> **AIM OF THE EXERCISE**
Please retype the records below exactly, from the first line through the line containing "- MAßE: Der", and leave out any pictures.

> **SUPPLIED ENTRIES**
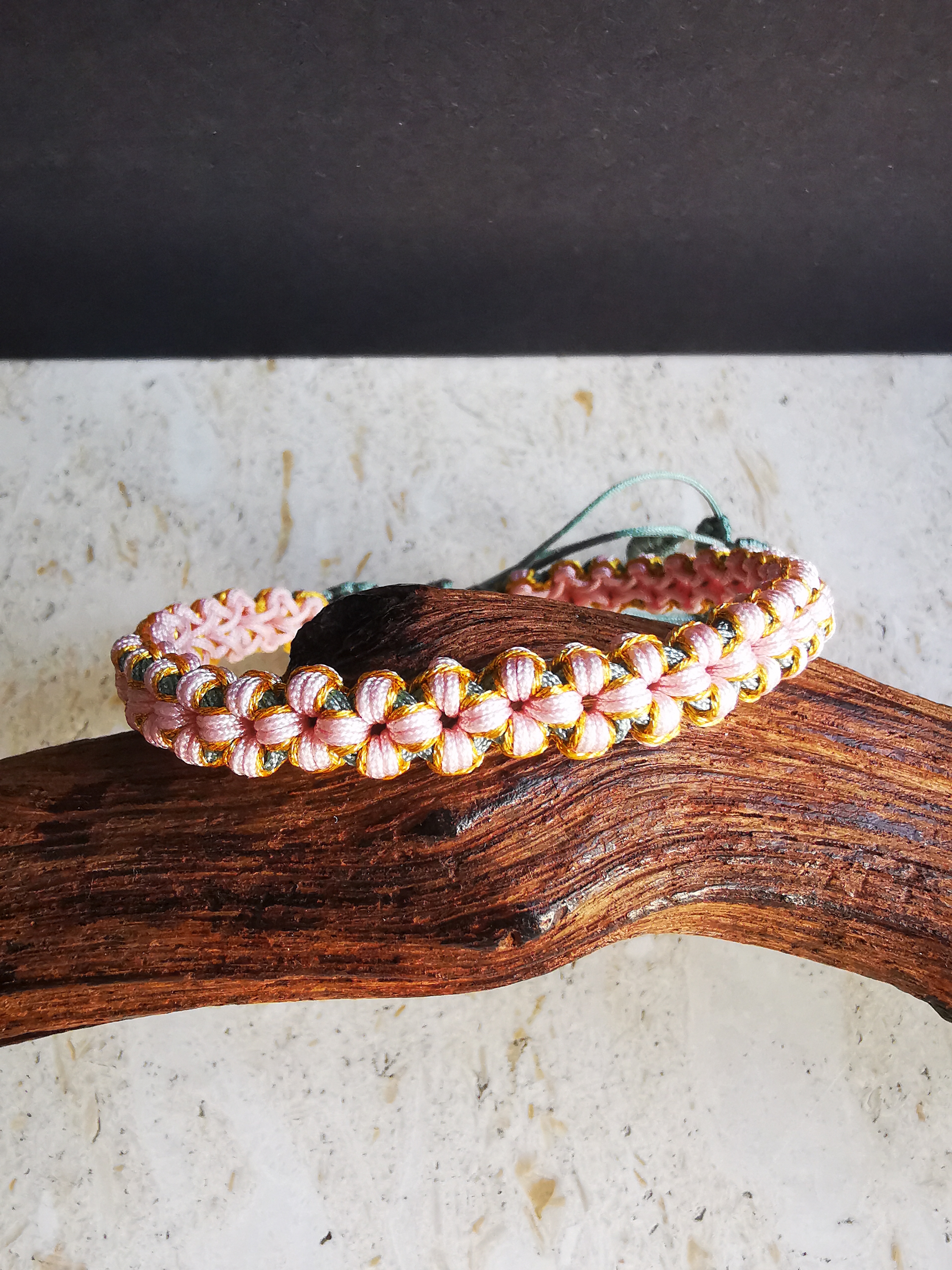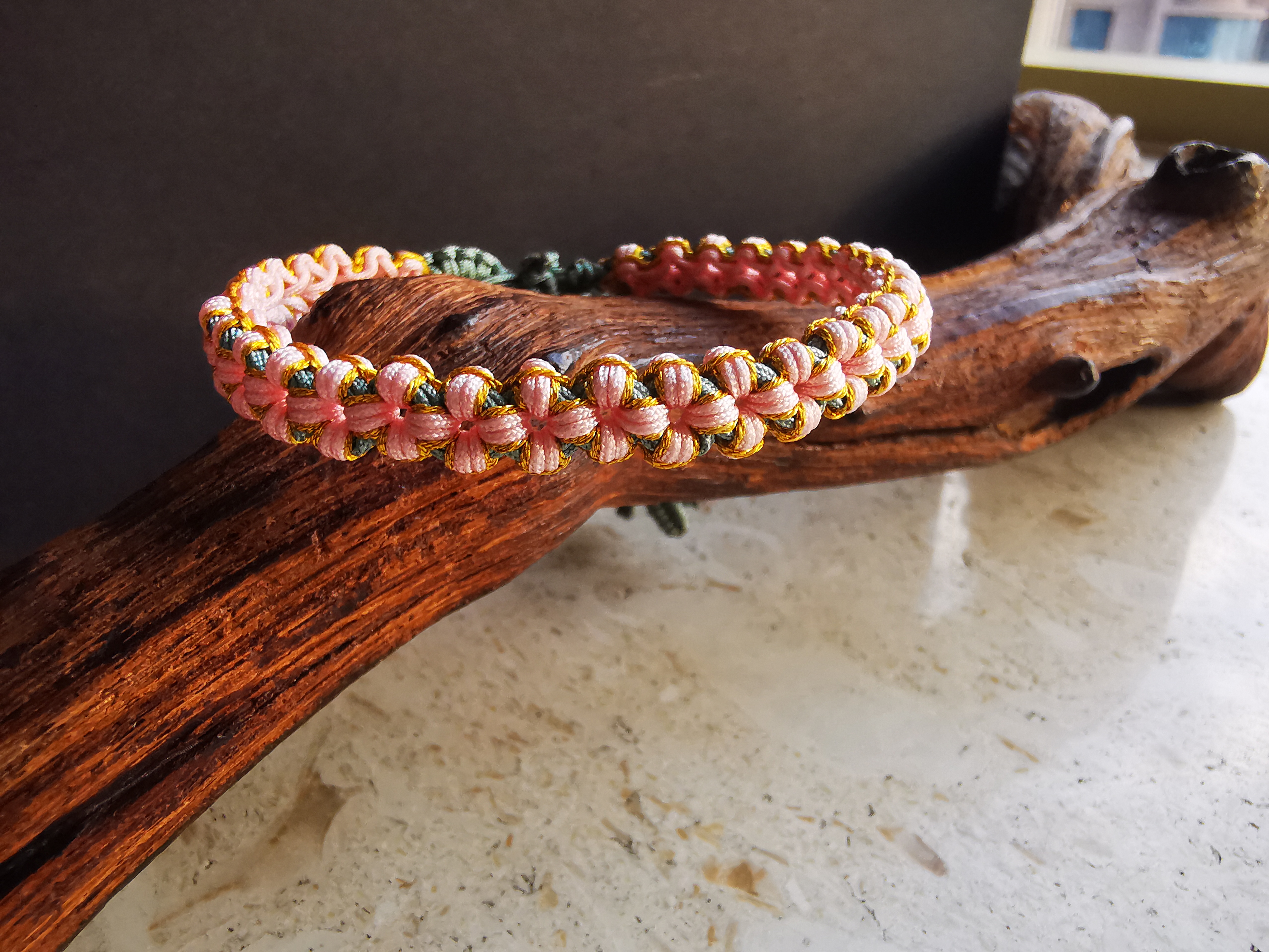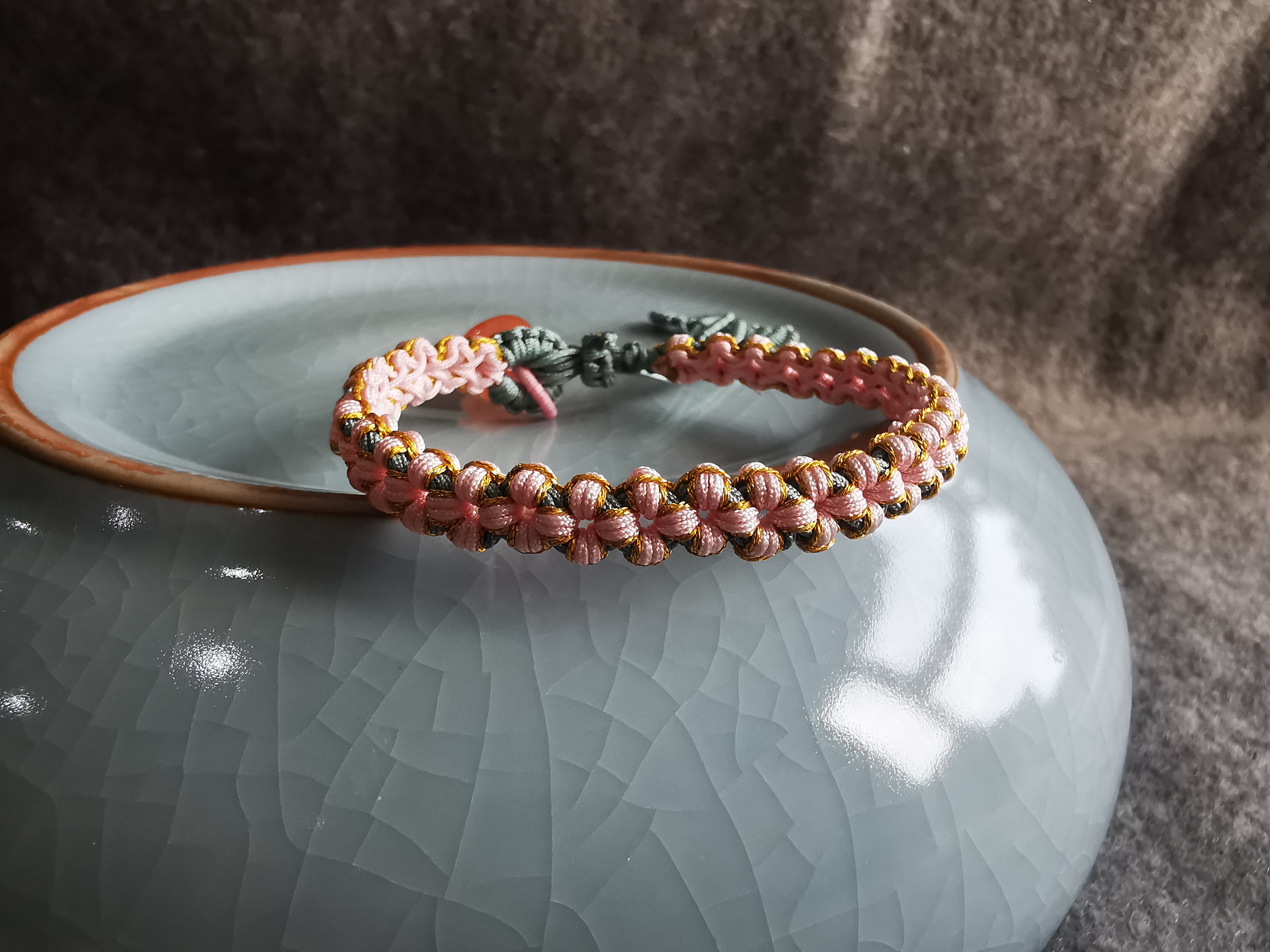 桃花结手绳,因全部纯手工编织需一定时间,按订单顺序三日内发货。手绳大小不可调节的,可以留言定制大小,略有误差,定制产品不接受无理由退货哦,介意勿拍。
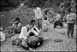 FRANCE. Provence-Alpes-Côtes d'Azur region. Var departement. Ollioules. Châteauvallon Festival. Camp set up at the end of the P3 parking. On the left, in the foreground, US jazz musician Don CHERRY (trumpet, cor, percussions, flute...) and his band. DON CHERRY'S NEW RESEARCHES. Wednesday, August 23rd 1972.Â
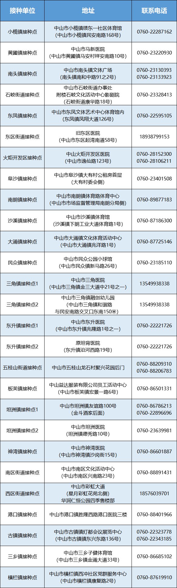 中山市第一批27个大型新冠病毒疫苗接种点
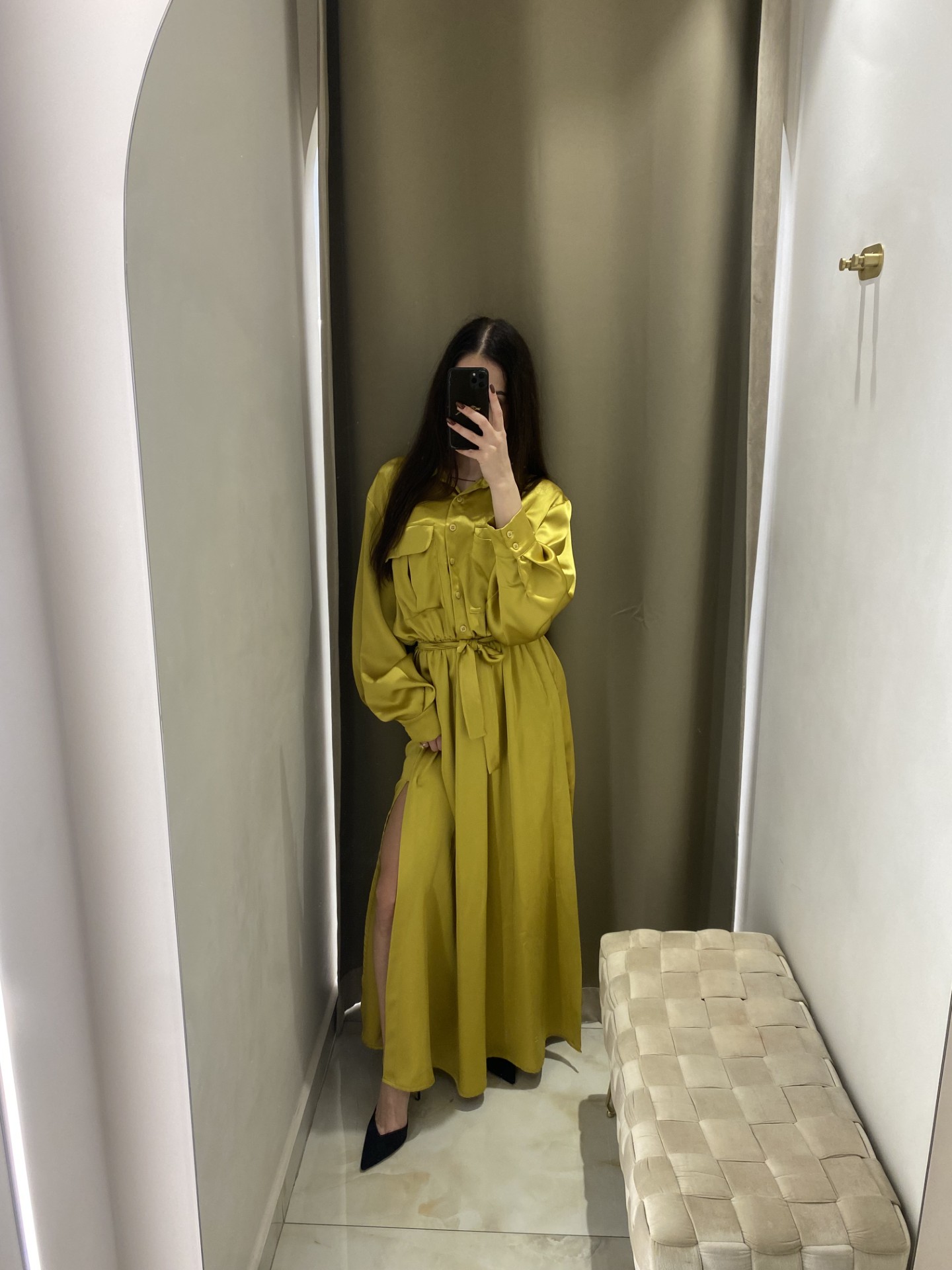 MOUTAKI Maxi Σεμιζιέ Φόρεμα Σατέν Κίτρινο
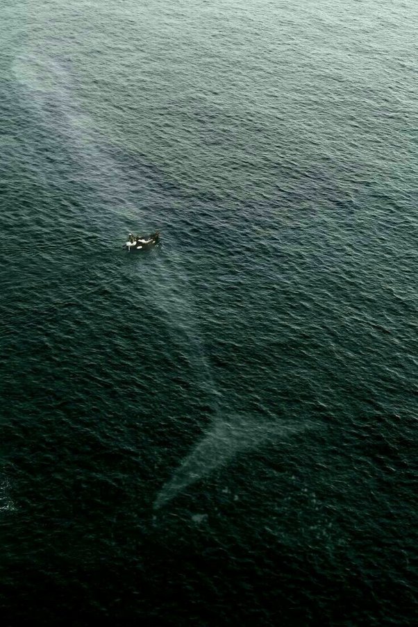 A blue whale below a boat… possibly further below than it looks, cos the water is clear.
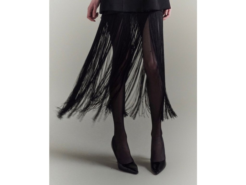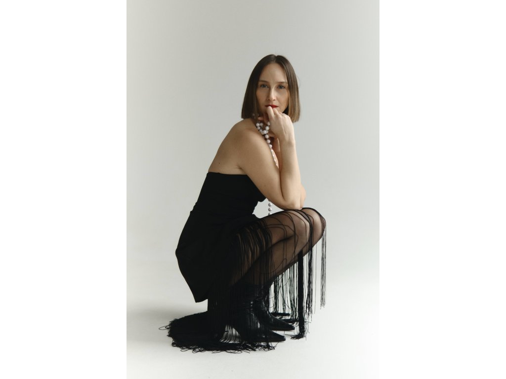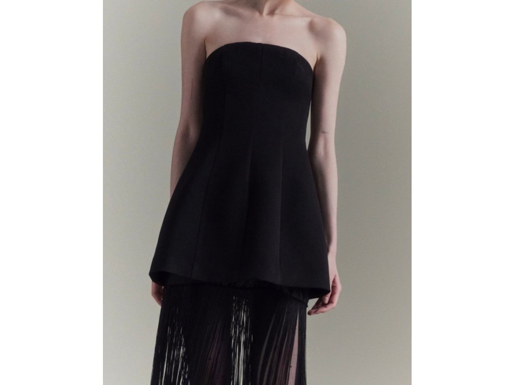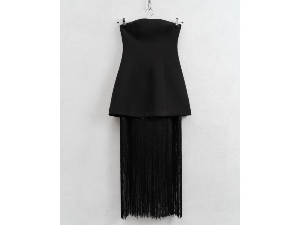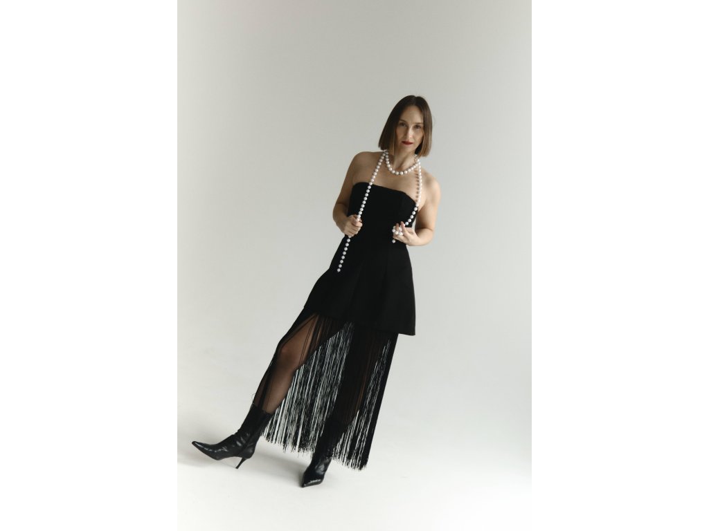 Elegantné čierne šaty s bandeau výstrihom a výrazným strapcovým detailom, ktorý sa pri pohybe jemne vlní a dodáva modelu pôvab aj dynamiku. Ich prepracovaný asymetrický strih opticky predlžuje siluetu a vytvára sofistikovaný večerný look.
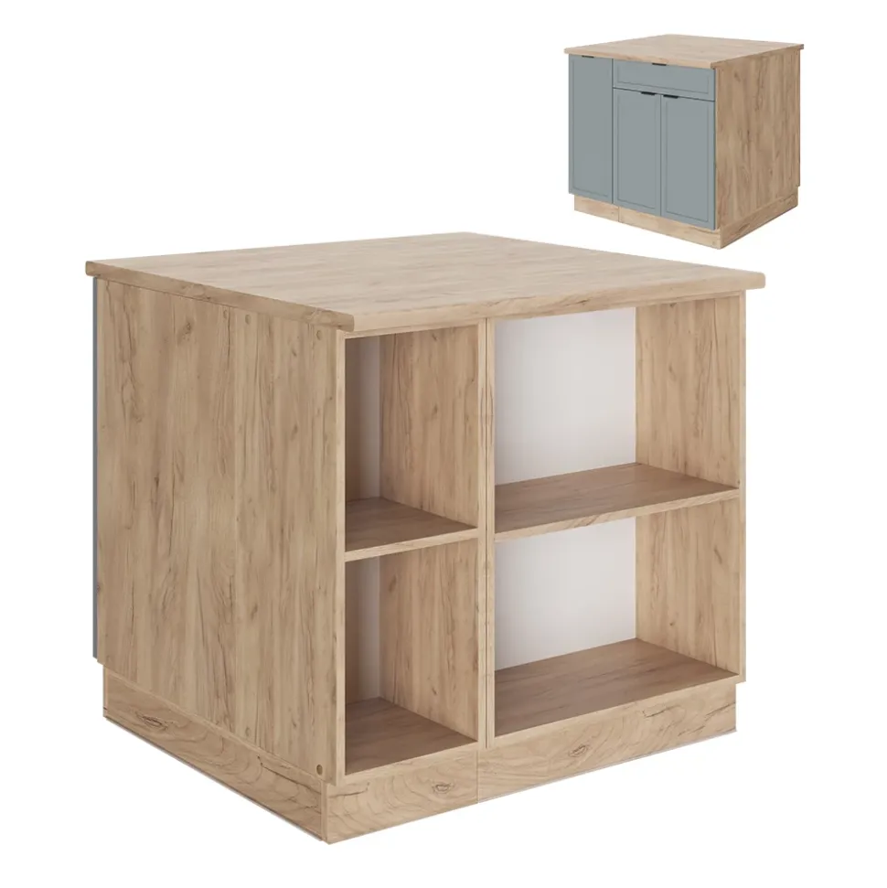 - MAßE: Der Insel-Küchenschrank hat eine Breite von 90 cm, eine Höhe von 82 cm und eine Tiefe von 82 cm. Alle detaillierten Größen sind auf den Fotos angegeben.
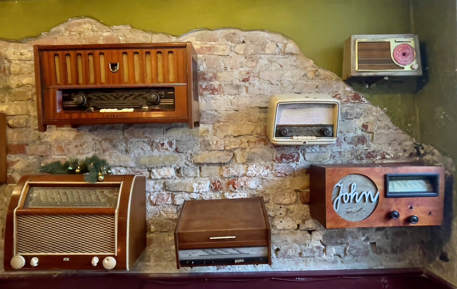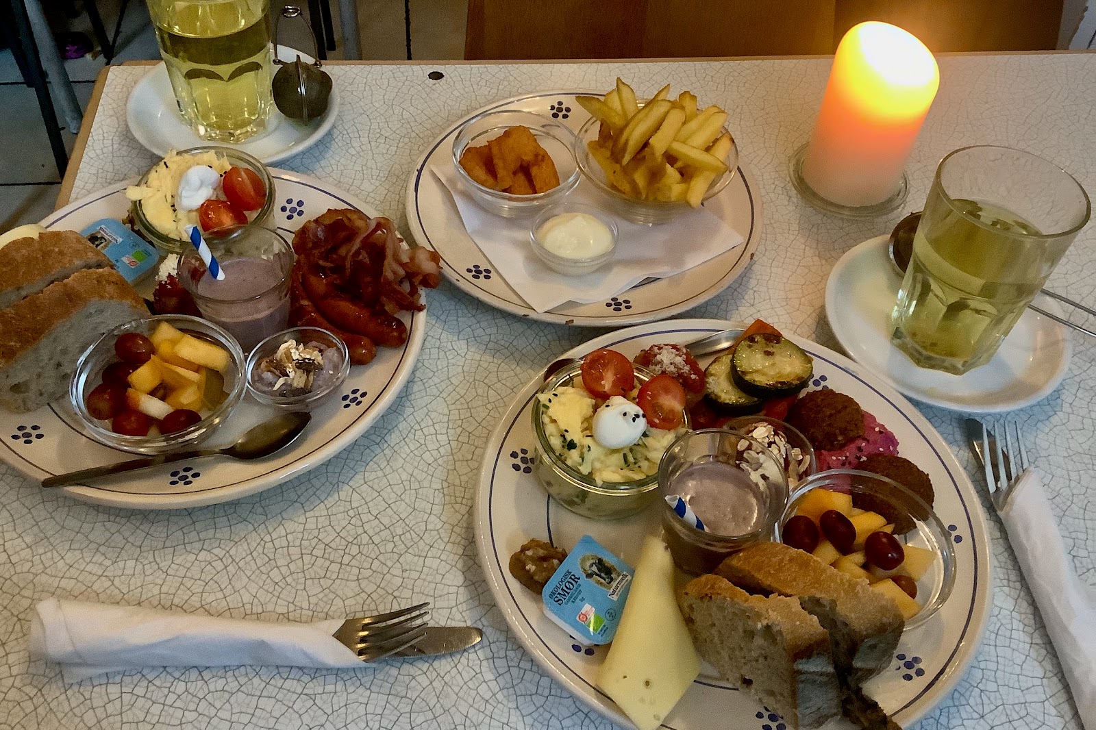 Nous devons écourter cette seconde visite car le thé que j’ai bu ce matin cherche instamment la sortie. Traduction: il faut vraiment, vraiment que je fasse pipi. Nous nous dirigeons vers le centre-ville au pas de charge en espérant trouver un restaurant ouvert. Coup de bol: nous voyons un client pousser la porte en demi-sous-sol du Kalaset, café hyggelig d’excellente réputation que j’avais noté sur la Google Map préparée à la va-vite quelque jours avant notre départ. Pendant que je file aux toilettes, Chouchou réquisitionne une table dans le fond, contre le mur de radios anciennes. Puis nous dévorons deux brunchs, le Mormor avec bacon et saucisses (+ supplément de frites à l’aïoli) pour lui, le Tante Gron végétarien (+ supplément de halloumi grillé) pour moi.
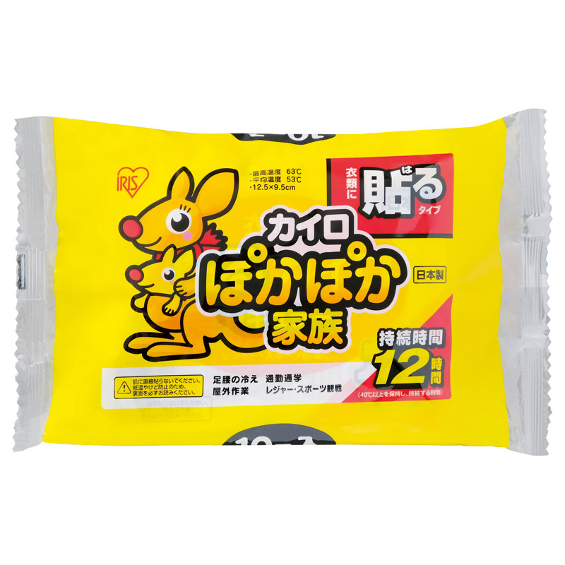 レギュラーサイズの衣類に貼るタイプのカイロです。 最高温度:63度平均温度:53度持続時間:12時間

> **RESPONSE AREA**
 桃花结手绳,因全部纯手工编织需一定时间,按订单顺序三日内发货。手绳大小不可调节的,可以留言定制大小,略有误差,定制产品不接受无理由退货哦,介意勿拍。
 FRANCE. Provence-Alpes-Côtes d'Azur region. Var departement. Ollioules. Châteauvallon Festival. Camp set up at the end of the P3 parking. On the left, in the foreground, US jazz musician Don CHERRY (trumpet, cor, percussions, flute...) and his band. DON CHERRY'S NEW RESEARCHES. Wednesday, August 23rd 1972.Â
 中山市第一批27个大型新冠病毒疫苗接种点
 MOUTAKI Maxi Σεμιζιέ Φόρεμα Σατέν Κίτρινο
 A blue whale below a boat… possibly further below than it looks, cos the water is clear.
 Elegantné čierne šaty s bandeau výstrihom a výrazným strapcovým detailom, ktorý sa pri pohybe jemne vlní a dodáva modelu pôvab aj dynamiku. Ich prepracovaný asymetrický strih opticky predlžuje siluetu a vytvára sofistikovaný večerný look.
 - MAßE: Der Insel-Küchenschrank hat eine Breite von 90 cm, eine Höhe von 82 cm und eine Tiefe von 82 cm. Alle detaillierten Größen sind auf den Fotos angegeben.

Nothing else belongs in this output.